When enforced hill climbing enters a plateau in the search space, it performs complete search for an exit and adds the shortest path to this exit to its current plan prefix. When hill climbing enters a plateau, however, it strolls around more or less randomly until it hits an exit state. All the actions on its-journey to this state are kept in the final plan. Enforced hill climbing, therefore, often finds shorter plans than hill climbing.

Helpful Actions versus All Actions

Now we focus on the bottom portion of table

1. It comprises one column for each variation of distance estimate and search strategy, comparing the behavior with helpful actions pruning to those without. I observe the following:

First, helpful action pruning improves runtime performance significantly in about three of four of our domains across all switch alignments. Second, only in one single domain is there a significant increase in solution length when one turns on helpful action pruning.

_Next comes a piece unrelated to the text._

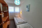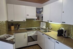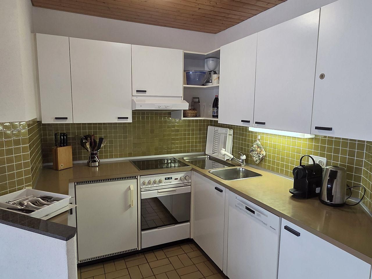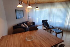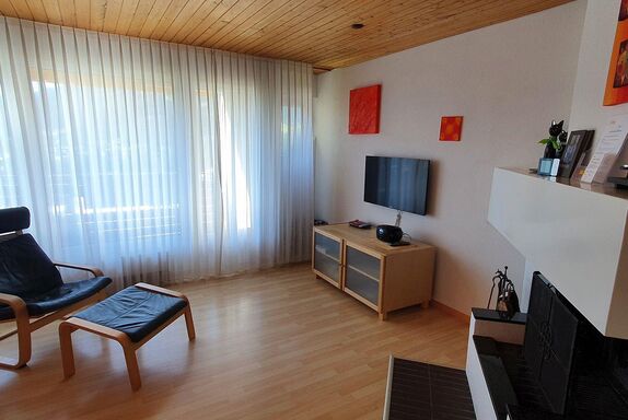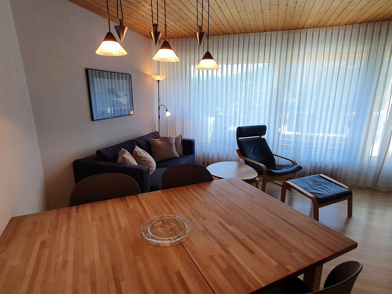 3- Zimmer-Wohnung (ca. 57 m²) im Haus Miez. Die Wohnung verfügt über ein grosses Wohnzimmer mit integrierter Einbauküche (Geschirrspüler, Backofen, Kühlschrank). Offener Kamin, Balkon, TV und W-Lan. Ein Schlafzimmer mit Kajütenbett und ein Schlafzimmer mit Doppelbett. Bad, separates WC.
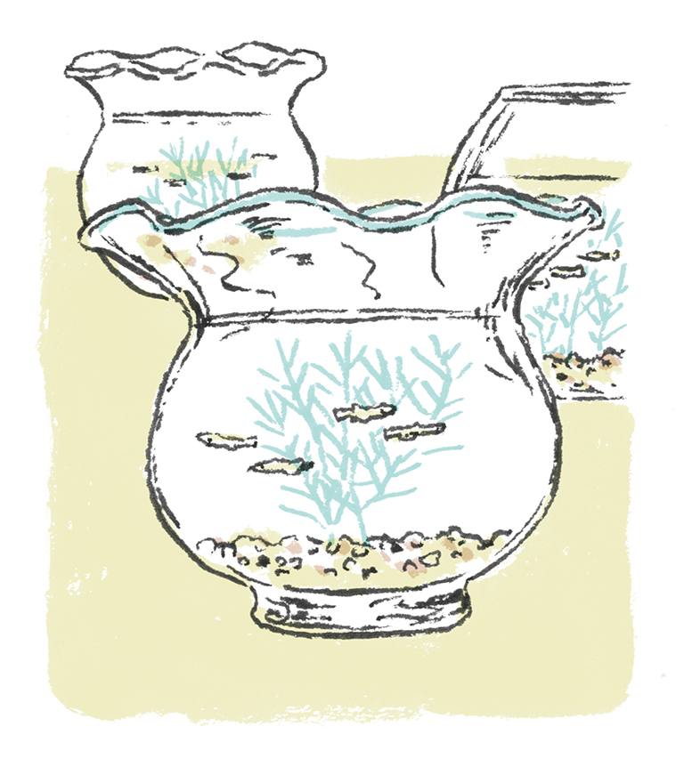 今の世の中、より多くの人とSNSで繋がろうという意識が強くあるけれど、金魚鉢の中のメダカは自分たちだけの世界で幸せそう。グローバル化の本質をメダカに考えさせられる……なんともおかしな話です。

On the 20 domains from our test suite, there is quite some variation with respect to the degree of restriction that helpful action pruning exhibits. At the lower side of the scale, 5 percent of any state's successors are not considered helpful, but at the upper side, this percentage rises to 99 percent; that is, only 1 of 100 successors is considered helpful there. In two domains from the middle of the scale, the restriction is inadequate; that is, solutions get cut out of the state space. A moderate degree of restriction already leads to significantly improved run-time behavior, which is especially the case for enforced hill climbing.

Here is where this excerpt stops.